Dr. Michael Ibba
Dr. Michael Ibba is the new Dean of Schmid College. Prior to joining Chapman, he was the Chair of the Microbiology Department and served as the Associate Director for the Infectious Disease Institute at The Ohio State University, where he taught for 19 years.
He has published over 190 research articles and currently holds four research grants. Dr. Ibba has received several awards and distinctions. Notably, in 2019 he received the Distinguished Scholar Award at The Ohio State University and in 2017 and 2020 received the Faculty Award for Diversity Enhancement in the College of Arts and Sciences.
He serves as a member of the National Science Foundation Federal Advisory Committee for Biological Sciences (BIO-AC) and is a fellow of the American Academy of Microbiology and the American Association for the Advancement of Science.
Teaching and Research Interests
Dr. Ibba's research is directed towards understanding the mechanisms that determine how cells ensure the accurate translation of the genetic code, and how changes in the underlying processes impact cellular health and contribute to microbial pathogenesis and disease. Many of these processes are essential and unique to particular systems, making them ideal potential drug targets.

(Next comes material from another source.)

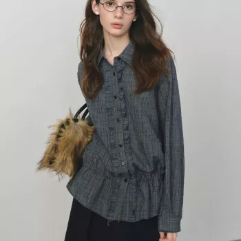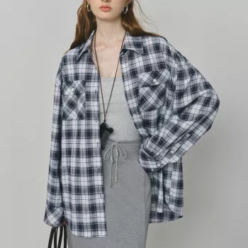 American Retro Plaid Button-Up Shirt with Turn-Down Collar
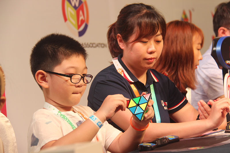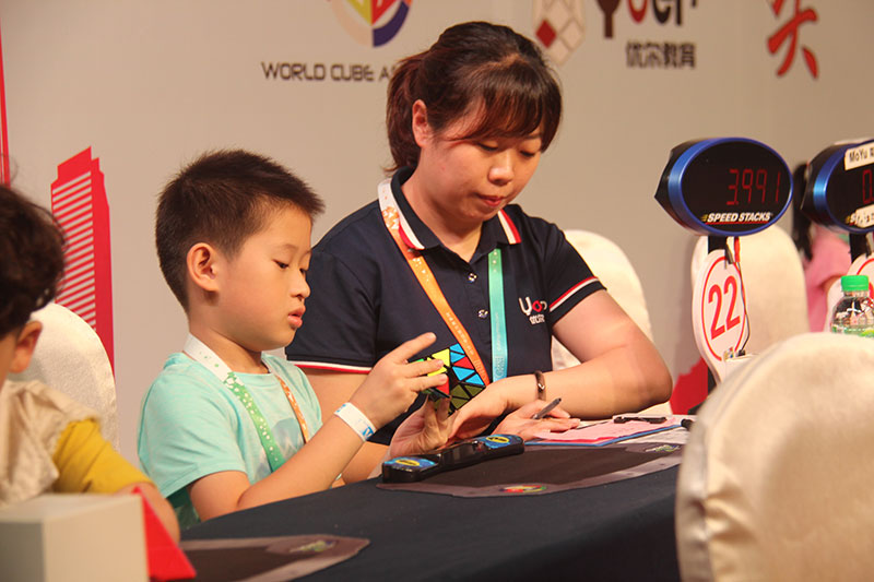 对于优尔来说,WCA公开赛是老朋友,从2010年优尔就开始承办WCA沈阳地区赛事。但是对于一些小朋友来说,这是第一次登上被世界认证的舞台,这是第一次通过魔方在世界上拥有自己ID和排名。年仅8岁的韩业臻在本次比赛上还原三阶魔方仅仅用时7.34秒,二阶魔方的最好成绩为2.12秒!

Quality control in protein synthesis
Ribosomes are the protein synthesis factories of the cell that translate the codons of mRNA into amino acids. Protein synthesis proceeds by delivery to the ribosome of aminoacyl-tRNAs, which pair with the corresponding mRNA sequences. Aminoacyl-tRNAs are made by the aminoacyl-tRNA synthetases, a family of twenty proteins each of which pairs a particular amino acid with the correct tRNA. Accurate aminoacyl-tRNA synthesis often requires an additional editing activity intrinsic to many aaRSs. The editing activity significantly decreases the level of mistakes in aminoacyl-tRNA synthesis in vitro and in vivo, although quantitative analysis of its contribution to the overall fidelity of translation has not been performed. The overall aim of Dr. Ibba's research is to develop experimental systems to quantitatively measure the frequency of aaRS-dependent misincorporation for several amino acids and evaluate the contribution of aaRS editing to overall translational fidelity in vivo.
Translational control of antibiotic resistance
In responses to different environmental stresses, such as the presence of antibiotics, microbes direct resources away from translation to a variety of pathways that contribute to resistance. Elongation factor P (EF-P). EF-P is a protein that mimics the structure and function of a tRNA and binds ribosomes. Aminoacylatio
n of EF-P is required for optimal growth under a variety of conditions, for example at key points during Salmonella infection. Dr. Ibba's research team is interested in understanding how EF-P mimics tRNA at the molecular level and how this provides a novel mechanism for the post-transcriptional control of gene expression.